◆ **Records provided**
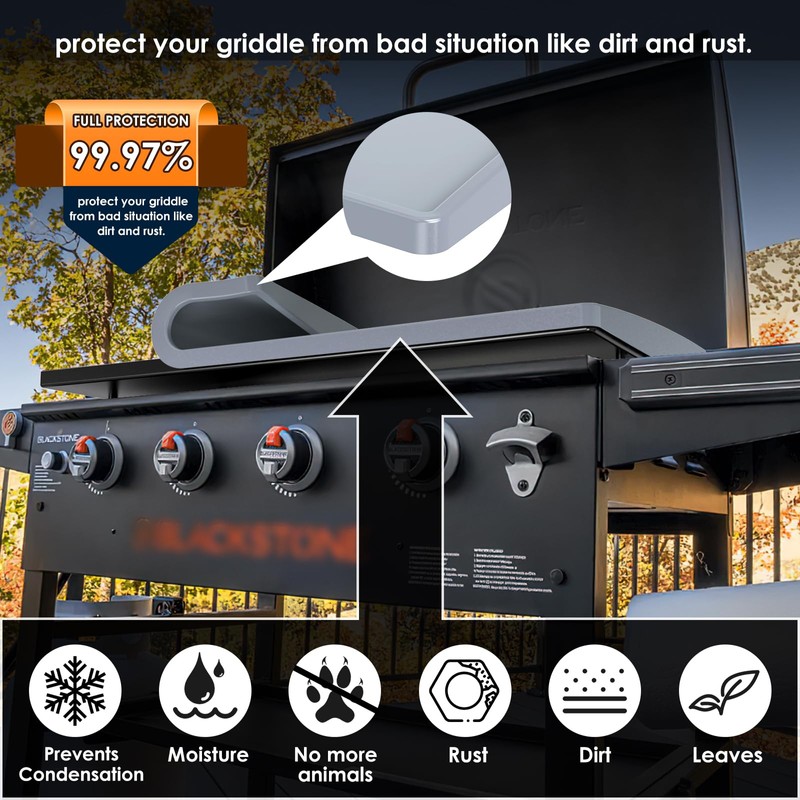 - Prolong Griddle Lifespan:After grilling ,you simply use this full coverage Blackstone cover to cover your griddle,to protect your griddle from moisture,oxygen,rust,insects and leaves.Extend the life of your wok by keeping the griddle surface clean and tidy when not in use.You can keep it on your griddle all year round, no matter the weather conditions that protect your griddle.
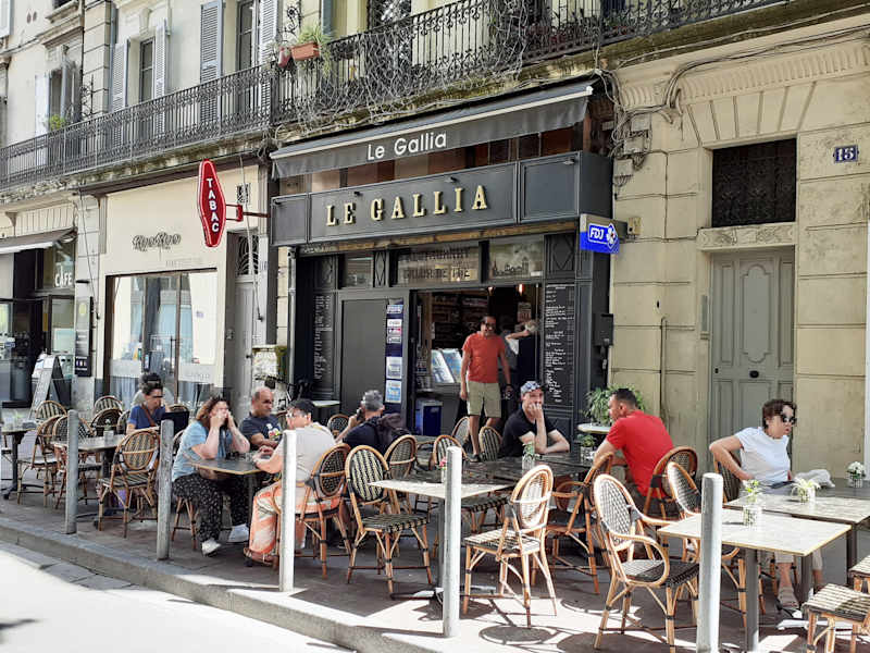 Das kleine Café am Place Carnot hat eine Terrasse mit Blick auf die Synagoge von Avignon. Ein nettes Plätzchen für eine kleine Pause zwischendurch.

==

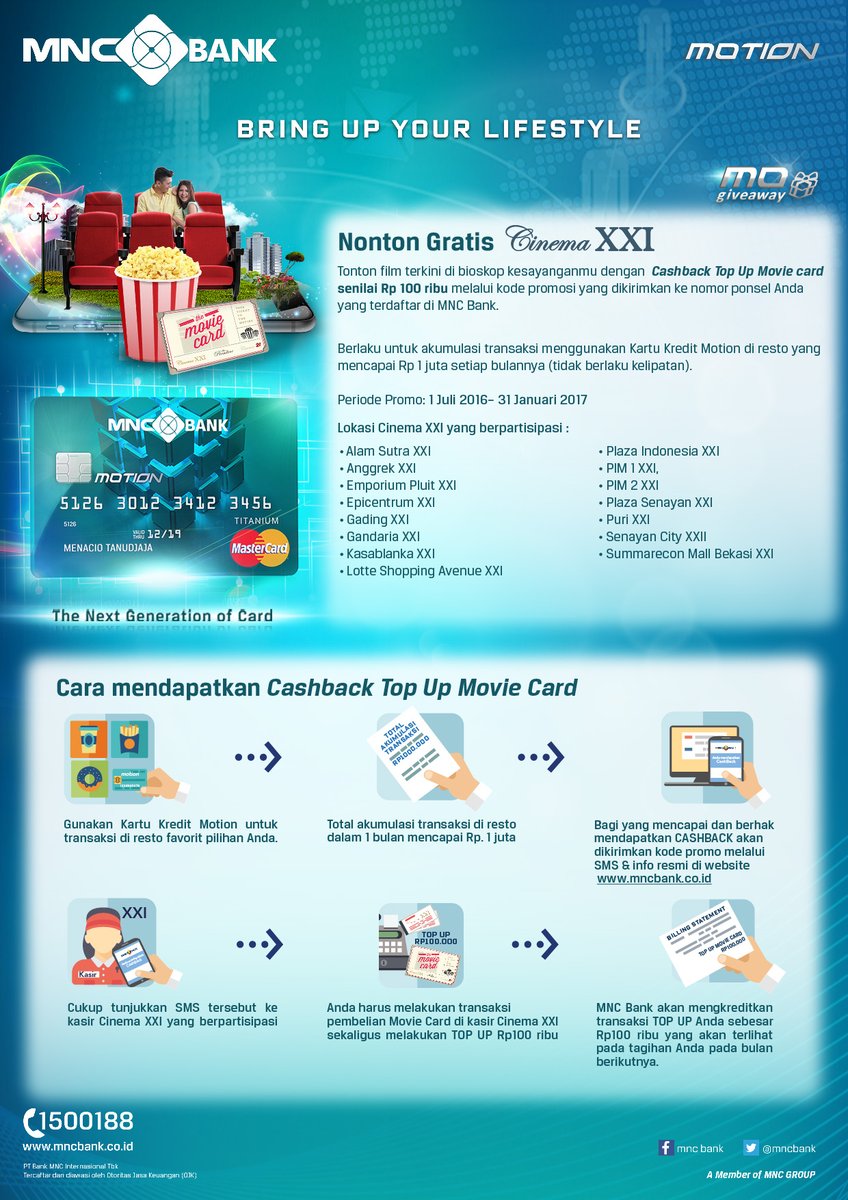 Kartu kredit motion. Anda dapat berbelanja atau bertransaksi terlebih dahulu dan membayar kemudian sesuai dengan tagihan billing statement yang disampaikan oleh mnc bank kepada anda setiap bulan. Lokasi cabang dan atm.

◆ **Activity**
Print everything from the line with "- Prolong Griddle" down to the line with "Das kleine Café" in the entries above, both lines included and nothing more, without the pictures.

◆ **Answer**
 - Prolong Griddle Lifespan:After grilling ,you simply use this full coverage Blackstone cover to cover your griddle,to protect your griddle from moisture,oxygen,rust,insects and leaves.Extend the life of your wok by keeping the griddle surface clean and tidy when not in use.You can keep it on your griddle all year round, no matter the weather conditions that protect your griddle.
 Das kleine Café am Place Carnot hat eine Terrasse mit Blick auf die Synagoge von Avignon. Ein nettes Plätzchen für eine kleine Pause zwischendurch.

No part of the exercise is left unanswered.